Une situation aussi précaire devait conduire les auteurs à se liguer pour la revendication de leurs droits. Ce fut une question de costume qui donna le signal de la bataille. On répétait, en 1774, la Journée lacédémonienne, de Lonvay de La Saussaye, et celui-ci avait recommandé une grande simplicité de costume, afin de bien observer la couleur locale. Loin de déférer à ses conseils, la Comédie fit deux mille écus de dépenses en habits, décors, ballets, musique, et lorsqu’il vint toucher ses droits, on lui présenta ironiquement une note à payer de 101 livres 8 sols 6 deniers, sous prétexte de frais extraordinaires. Presque en même temps, Mercier publiait un mémoire contre les comédiens qui refusaient de jouer un drame reçu et le traitaient de libelliste dans leurs registres : pour plaider lui-même son affaire, il se fit recevoir avocat.

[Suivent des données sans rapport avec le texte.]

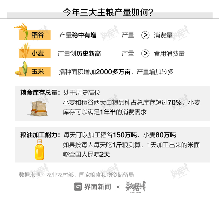 今年以来,三大主粮均实现增产。据农业农村部数据,今年稻谷产量保持稳中有增,小麦产量创历史新高,玉米产量也增加较多。从库存来看,小麦库存可以满足1年半的消费需求。从加工能力来看,1天加工出来的米面够全国人民吃2天。
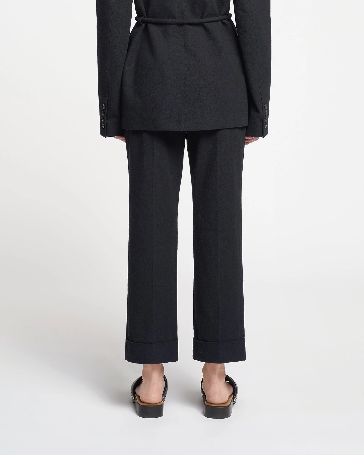 The Katrine pants transcend seasons. Tailored from black washed canvas, they have a straight-leg silhouette with turn-up cuffs for easy elegance.
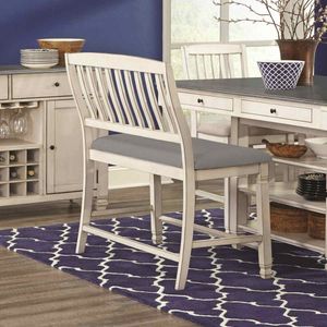 The slat backrest and saber legs of this upholstered bench from the Crafton collection make it a great fit for any casual dining room. The Crafton collection features matching counter height dining table, stools, and server.Read More
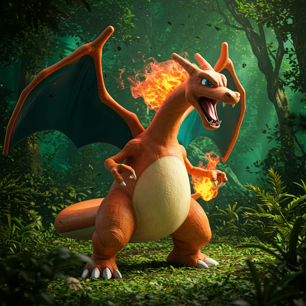Hyper-realistic Pokémon, lifelike photo, intricate details, striking contrast and shadows, vibrant colors, enhanced textures, dynamic composition, nature-inspired setting.

À sa suite, Palissot, Bohaire, Cailhava, le chevalier de Coudray, La Harpe, Le Blanc, Sauvigny, Sedaine, Renou, etc., se jettent dans la mêlée ; les publicistes, l’opinion publique font chorus, et mémoires, épîtres satiriques, consultations d’avocats, pamphlets dramatiques de pleuvoir sur les comédiens : deux scènes, observe-t-on, peuvent très bien vivre l’une à côté de l’autre, comme à Londres Covent-Garden et Drury-Lane. Les comédiens ne sont pas si malheureux qu’ils le prétendent : rue des Fossés, leur part allait à 8,000 ou 9,000 livres ; aux Tuileries, à 15,000 ou 10,000 ; au Luxembourg, avec un revenu fixe de 300,000 livres de loyer à l’année, elle monte à 30,000 livres[2]. Attaqués violemment, les comédiens se défendent avec acharnement. Ils en appellent aux gentilshommes de la chambre, au conseil, jouent une pièce satirique de Cubières, le Dramomane ou la Lecture interrompue, pièce dirigée contre Mercier, provoquent

  1. L’acteur Sarrazin jouait le rôle de Brutus, et comme il mettait peu de fermeté, de grandeur dans son invocation au dieu Mars, Voltaire le gourmanda vivement : — « Monsieur, songez donc que vous êtes Brutus, le plus ferme de tous les consuls de Rome, et qu’il ne faut point parler au dieu Mars comme si vous disiez : — Ah ! bonne Vierge, faites-moi gagner un lot de cent francs à la loterie ! » — Une autre fois, il apostropha le comédien Legrand qui rendait assez platement le personnage d’Omar : — « Oui, oui, Mahomet arrive ! » C’est comme si l’on disait : « Rangez-vous, voilà la vache ! »
  2. Compte-rendu de l’affaire des auteurs dramatiques et des comédiens français, publié en 1780.